Given information:
· · · · ·
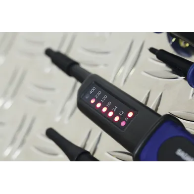 2-polig spänningsprovare, lik- och växelspänning från 6 till 400V. Instrumentet har en klare LED-indikation på relevanta spänningar och automatisk polaritetsvisning. Testproberna har både 2 och 4 mm diameter testspetsar, vilket säkerställer god kontakt i alla typer av uttag.
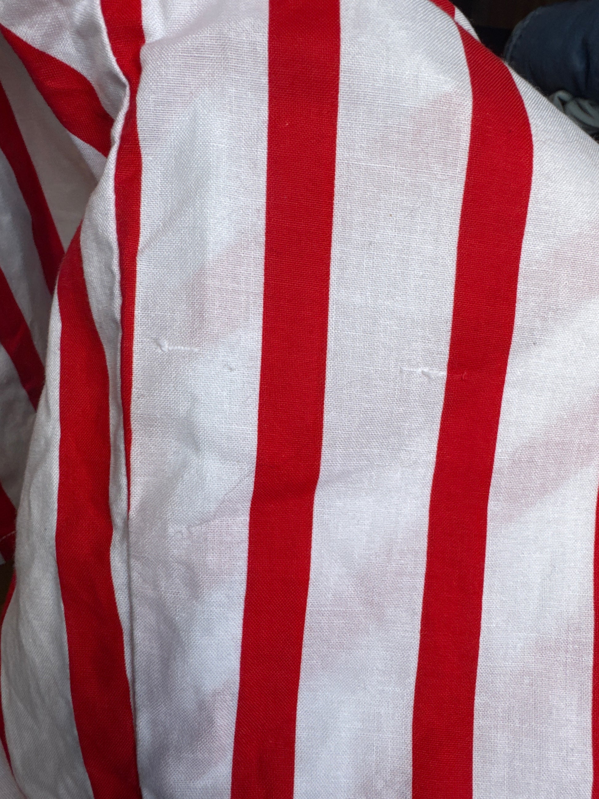 removable shoulder pads. Open front. Very minor yellowing of white striping. Small snag on back
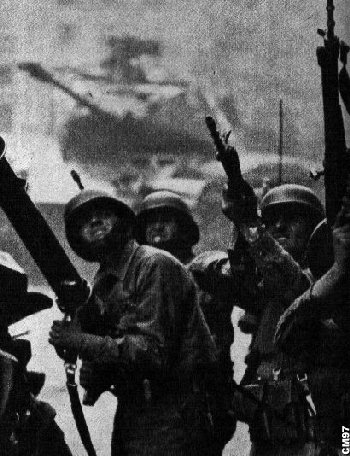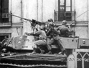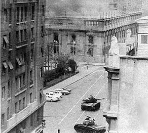 Here we have pictures taken on that historic 11th of September, 1973. This was the day when Chile won back its freedom. This was the day when the new, modern and free Chile was born. This new period changed Chile from a backwards third world nation, to a sophisticated developed nation, the envy of all its neighbours. These pictures show how old style socialism ended in Chile- through the heroic action of our soldiers.
· · · · ·
Instructions to follow: Leaving the pictures behind, return every line above exactly.

Task solution:
 2-polig spänningsprovare, lik- och växelspänning från 6 till 400V. Instrumentet har en klare LED-indikation på relevanta spänningar och automatisk polaritetsvisning. Testproberna har både 2 och 4 mm diameter testspetsar, vilket säkerställer god kontakt i alla typer av uttag.
 removable shoulder pads. Open front. Very minor yellowing of white striping. Small snag on back
 Here we have pictures taken on that historic 11th of September, 1973. This was the day when Chile won back its freedom. This was the day when the new, modern and free Chile was born. This new period changed Chile from a backwards third world nation, to a sophisticated developed nation, the envy of all its neighbours. These pictures show how old style socialism ended in Chile- through the heroic action of our soldiers.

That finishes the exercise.